The injected flow, reaching the peripheral separation zone 14, is separated from the working stream that is partially entrained by it, and through the transfer piping 20 enters the chamber 3, from which it is pulled out of the apparatus through the annular tube 16 via the pressure disc 6 through the annular space 16.

When the flow of contact flows in the nozzle of the apparatus, made in the form of a set of coaxially arranged perforated cylinders, the openings of which are provided with nozzles and diffusers located on adjacent cylinders in an alternating sequence, overflow nozzles are installed on the cylinders with nozzles, two adjacent nozzle-diffuser pairs diffusers are equipped with a common partition of convex shape. The injection effect is optimally used in combination with the field of centrifugal forces. This leads to a sharp increase in the productivity of the apparatus and the intensification of physical chemical, physicochemical, biological, heat and mass transfer processes.

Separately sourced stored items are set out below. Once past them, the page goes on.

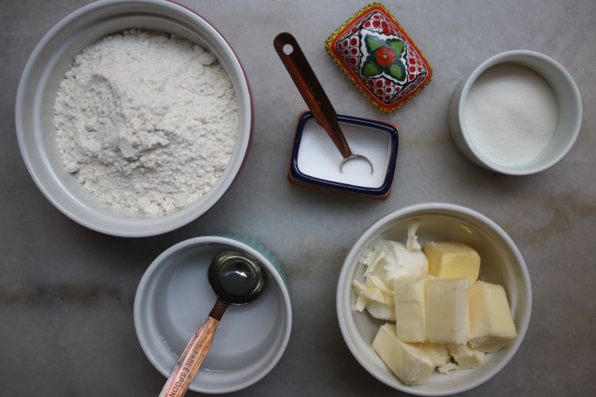 More fun facts are that shortening has a higher melting point so it’s supposed to be easier to work with (not sure how true that is during a heatwave anyway, oops) and it’s 100% fat. Butter on the other hand, is usually around a fifth water, which evaporates in the oven pushing the dough into light layers. Science is fun, y’all.
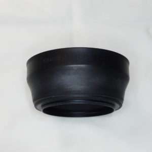 カメラレンズ用のラバーフードは持ち運び時やケースの中で折りたたみが出来てぶつけた時の衝撃にも強くレンズを守るので機能的に優れていて、ズームやレンズの画角の違いに対応するようにラバー自体で段階調節が出来たりする物もあります。ラバーフードは今でもサードパーティ製で出ていますが、最近では見栄えが貧乏くさいと人気がなく主要なカメラやレンズメーカーで出しているのをすっかり見かけなくなりました。フィルムカメラ用であればメタルフード、AF(オートフォーカス)以降の一眼レフカメラや現在のミラーレスカメラ用のレンズだとLeicaを除いてプラスチック製のフードが主流かと思います。
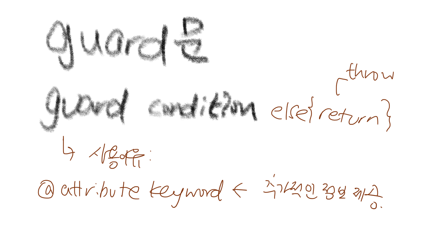 (1) code의 영역이 변경되지 않음 (범위(Scope)에 대한 원칙에서 벗어나서 자유로운 코드작성) (2) guard 문에서 선언된 변수를 아래문장에서 사용 가능 (동일한 범위(Scope) 취급)

Intensive turbulization of the interacting flows promotes multiple fusion and disintegration of jets and droplets and, consequently, the processes occurring in the apparatus are intensified. Moving at high speed in the mixing chambers (diffusers), the emulsion flows, as they exit the latter, move towards each other along the partition of the convex shape 21 and collide. In the impact zone, there is an intensive update of the interfacial surface, an increase in the contact time of the phases and relative speeds of their movement.

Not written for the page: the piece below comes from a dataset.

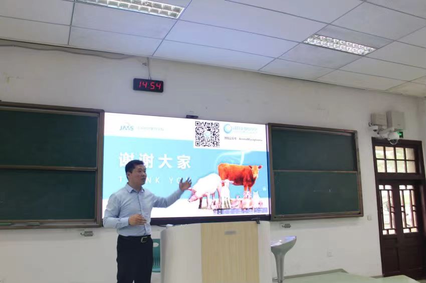 冯志新研究员以“以支原体为例谈动物疫情诊断与防控技术进展”为主题,用一系列畜牧养殖业的相关数据阐述动物医学及动物药学专业在我国畜牧行业中的重要地位,并结合自己的研究经历及一些生动形象的视频资料向同学们讲述了动物诊断产品以及动物疫苗的研究现状与未来发展走向。冯志新表示,动物诊断产品应做到像超市售卖商品那样,实现在家也能诊断,动物疫苗在未来将朝着大群化、无针化、技术通用性方面发展。
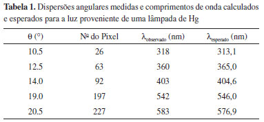 Em uma rede de difração, o número de fendas é da ordem de centenas ou milhares e o espaçamento entre fendas é muito pequeno. Como resultado, o padrão de difração se torna um conjunto de picos, cujas posições angulares são dadas por dsenθ = mλ (m = …, -2, -1, -0, 1, 2, …). Logo, a separação angular correspondente a diferentes ordens de difração será maior quanto menor for a separação entre as fendas da rede. Se luz policromática incide sobre uma rede de difração, cada comprimento de onda que a constitui aparecerá em uma posição angular distinta para mesma ordem de difração. Para demonstrar essas características, montou-se o aparato ilustrado na Figura 4b. O sensor foi posicionado de modo a permitir observar o padrão de primeira ordem da lâmpada de Hg na região de luz visível. Para calibrar a escala em nanômetros, os ângulos de difração de todas as linhas observadas foram medidos e os comprimentos de onda correspondentes foram calculados utilizando a condição de máximo de interferência dsenθ = λ. Os resultados estão apresentados na Tabela 1. Uma vez que a posição dos picos em termos do numero do pixel do sensor pode também ser medida, foi feita uma regressão linear, obtendo-se assim a função que relaciona o número do pixel no sensor e o comprimento de onda, a qual foi então utilizada para calibrar a escala da Figura 9. De fato, para fins de demonstração, a calibração foi feita manualmente, porém o software desenvolvido realiza essa conversão automaticamente a partir da associação entre o número do pixel e o comprimento de onda correspondente. Note que a linha observada na Figura 9 não tem o típico perfil lorentziano, o que se deve principalmente a aberrações devido à lente de focalização.

The advantages of this unit should also include:

a) the absence of longitudinal mixing of the phase flows as they move along the apparatus /

b) high flow rates in the apparatus;

c) high dispersion of the spray; D) low hydraulic resistance to the flow of j;

e) multipurpose purpose of the device;

e) a wide range of modes of stable operation of the device.

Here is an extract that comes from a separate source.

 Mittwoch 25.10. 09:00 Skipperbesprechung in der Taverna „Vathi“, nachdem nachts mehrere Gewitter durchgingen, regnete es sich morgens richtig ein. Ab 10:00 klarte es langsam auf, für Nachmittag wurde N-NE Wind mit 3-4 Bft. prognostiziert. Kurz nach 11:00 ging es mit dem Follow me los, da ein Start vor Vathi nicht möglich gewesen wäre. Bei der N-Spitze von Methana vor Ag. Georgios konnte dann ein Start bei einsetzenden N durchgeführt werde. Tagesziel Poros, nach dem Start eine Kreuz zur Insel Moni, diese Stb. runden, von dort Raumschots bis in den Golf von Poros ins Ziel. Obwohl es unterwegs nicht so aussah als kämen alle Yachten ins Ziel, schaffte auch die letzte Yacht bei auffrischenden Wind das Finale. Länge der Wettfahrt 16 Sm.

The device can practically operate both at zero flow rate of one of the reciprocating scaffolding flows, and at loads exceeding the throughput capacity of the injection nozzle-diffuser pair. In this case, the interacting streams will move not only in the sog diffuser system, but also through the overflow pipes 20, which in this case will operate in the outflow mode simultaneously as mixing elements and as overflow pipes.

The use of this invention will allow to intensify processes, increase productivity and improve product quality, expand the range of stable operation and the possibility of use in various chemical-technological processes.

Claims (1)

1. USSR author's certificate No. 611330, cl. B 01 D 11/04,12.11.76.  inject flow For / eleven -Working flow -UffMcefimupyeffo / u stream phases. It.